Determination of Local Electrical Properties Using a Potential Field Measurement for Electrically Conductive Carbon Fiber Reinforced Plastics with Metal Contact Pins Joined via Injection Molding
Abstract
:1. Introduction
2. Materials and Methods
2.1. Materials
2.1.1. Polymer Compounds
2.1.2. Contact Pins
2.2. Sample Preparation
2.2.1. Injection Molding
2.2.2. Specimen Preparation
2.3. Testing
2.3.1. Reflected Light Microscopic Imaging
2.3.2. X-ray Microtomography Analysis
2.3.3. Potential Field Measurement
3. Results
3.1. Flow Situation at the Examination Area
3.2. Electrical Resistances
3.3. Potential Field Interpretation
3.3.1. Areas with No Connection to the Conductive Network (Non-Contact Areas)
3.3.2. Near Gate Area
3.3.3. Weld Line Area
3.3.4. Contact Pin Area
4. Conclusions
- By designing the cavity of the injection mold and purposeful placement of the contact pins, it was possible to achieve specific microstructural properties of the CFRP compound samples, particularly with regard to the fiber orientation.

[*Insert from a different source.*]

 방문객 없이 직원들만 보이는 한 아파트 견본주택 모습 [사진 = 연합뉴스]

The focus was on the areas close to the contact on the different end faces, as well as the plastic compound volume before and after flowing around the insert.

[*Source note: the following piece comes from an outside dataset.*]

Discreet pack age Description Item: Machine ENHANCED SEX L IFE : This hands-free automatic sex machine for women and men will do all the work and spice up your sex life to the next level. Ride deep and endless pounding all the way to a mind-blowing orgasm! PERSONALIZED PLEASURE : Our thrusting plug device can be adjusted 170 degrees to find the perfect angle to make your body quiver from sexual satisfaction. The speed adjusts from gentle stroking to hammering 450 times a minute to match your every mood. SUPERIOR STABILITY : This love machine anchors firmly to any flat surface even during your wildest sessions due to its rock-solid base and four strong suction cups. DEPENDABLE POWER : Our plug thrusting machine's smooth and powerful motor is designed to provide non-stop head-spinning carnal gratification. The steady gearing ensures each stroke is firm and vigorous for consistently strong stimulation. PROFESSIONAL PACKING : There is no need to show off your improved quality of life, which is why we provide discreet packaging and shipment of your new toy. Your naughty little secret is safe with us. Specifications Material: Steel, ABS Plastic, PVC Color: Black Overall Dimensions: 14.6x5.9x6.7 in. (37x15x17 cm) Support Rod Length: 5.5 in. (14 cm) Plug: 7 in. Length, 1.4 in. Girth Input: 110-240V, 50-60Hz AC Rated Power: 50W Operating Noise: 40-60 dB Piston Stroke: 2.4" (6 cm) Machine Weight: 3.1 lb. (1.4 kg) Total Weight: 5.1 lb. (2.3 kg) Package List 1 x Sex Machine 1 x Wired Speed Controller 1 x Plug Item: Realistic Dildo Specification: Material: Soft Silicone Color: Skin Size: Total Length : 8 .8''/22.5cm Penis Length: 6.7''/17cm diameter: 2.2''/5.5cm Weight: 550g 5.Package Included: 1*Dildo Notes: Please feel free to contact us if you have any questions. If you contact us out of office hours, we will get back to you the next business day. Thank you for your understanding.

- These fiber structures could be detected and quantitatively visualized by classical methods such as reflected light microscopy and also X-ray microtomography.
- For the electrical characterization, a suitable examination area was identified, exposed and prepared for the investigations.
- In order to investigate and electrically distinguish the areas near and far from the gate, the total and partial resistances of the specimens were measured.
- For a more accurate non-destructive electrical characterization of the examination area, a potential field measurement method based on scanning the specimen surface was applied. The focus was on the investigation of the local anisotropic electrical properties and their connection with the structural properties.
- As a result of the resistance measurements, it was determined that the near gate area of the specimen has a lower resistance than the weld line area. This is consistent with the observation of the fibers, because they are clearly more consistently oriented in the near gate area than in the weld line area.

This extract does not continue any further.